Given that our last two issues were thematic, we have a backlog of book reviews that have been curated ably by our book review editor Steve Oldham. Most notably, we have a review of Steven Smith’s Pagans & Christians in the City3 by T.M. Moore and a response by Smith. The rest of the book reviews span publication dates throughout 2021. We are grateful to the many book reviewers who were able to take time out of adjusting their workloads to COVID in order to complete their pieces.
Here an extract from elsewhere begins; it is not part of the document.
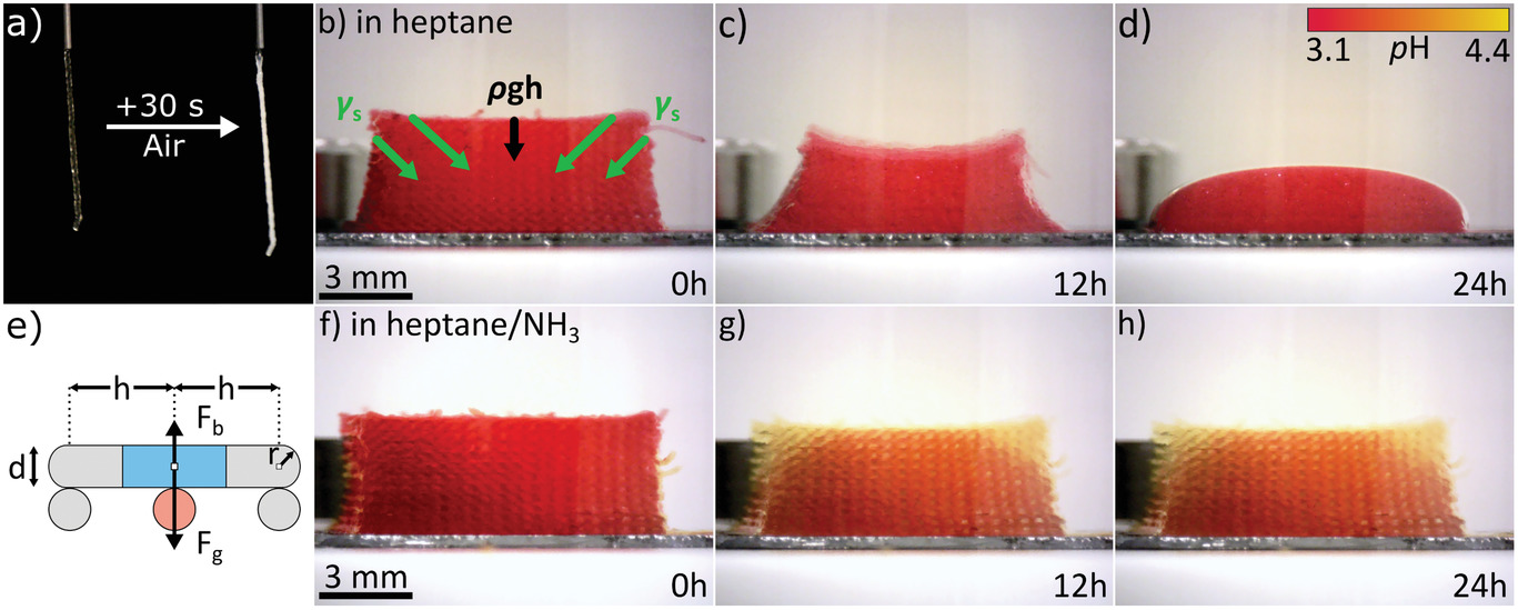 △ The experimental obstacle of TiO 2 nanoparticles-based aerogel DIW. a) Time series of optical micrographs of the to-be-treated TiO gel filaments extruded in air through a nozzle with an inner diameter of 410 μm. Time series of optical micrographs of microgrids 0, 12 and 24 hours after printing in bd) heptane and fh) heptane filled with NH 3 , respectively. e) Schematic diagram of the microgrid printed using nozzles with diameter d = 2r and filament center-to-center distance h. Although (a) all inks were equipped with pH indicators to account for pH-induced TiO condensation gelation. The microgrids in (b,f) were printed with a 250 μm nozzle and consisted of 23 layers, where each layer was an array of parallel filaments with a center-to-center distance h of 500 μm.
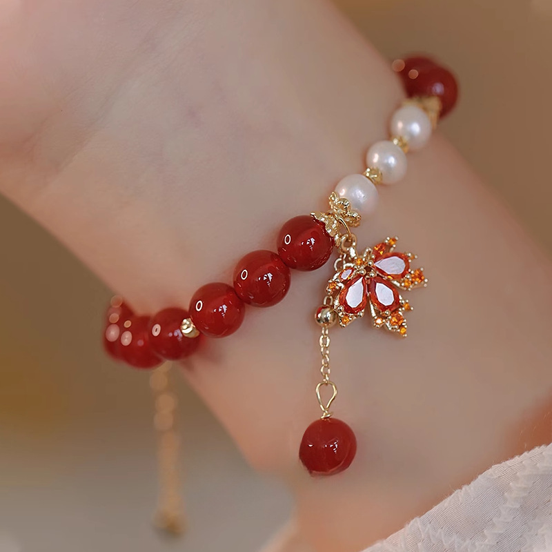 メープルの夜〜天然赤瑪瑙メープルリーフブレスレットハイエンドラッキーブレスレット親友ガールフレンド誕生日恋人 38 ギフト

We have two changes among our associate editors. In gratitude, we acknowledge the two years Amanda Benckhuysen served as our theology co-editor before stepping down earlier in 2021. We welcome Karin Stetina, Associate Professor of Biblical and Theological Studies at Biola University, into this role. We also thank Stacy Keogh George of Whitworth University for her three years of service as our Social Science Associate Editor and welcome Elizabeth Hall, Professor of Psychology at Biola, as our new associate editor. Traditionally, this associate editor role also reviewed articles addressing economics but, with Hall’s appointment, Peter Snyder of Calvin University is now responsible for Business, Economics, and the Professions.4

Footnotes

  1. Kahneman, Daniel, and Amos Tversky, “Choices, Values and Frames,” American Psychologist, 39, no. 4 (1984): 341-350.
  2. Carl F. H. Henry, The Uneasy Conscience of Modern Fundamentalism (Grand Rapids MI: Eerdmans, 1947; repr., 2003).
  3. Steven Smith, Pagans & Christians in the City: Culture Wars from the Tiber to the Potomac(Grand Rapids: Eerdmans, 2018).
  4. Adapted from Margaret Diddams, “Editor’s Preface,” Christian Scholar’s Review, 51, no. 2 (2022):123-126.

Margaret Diddams

Dr. Diddams is an Industrial / Organizational Psychologist and Editor of Christian Scholar's Review.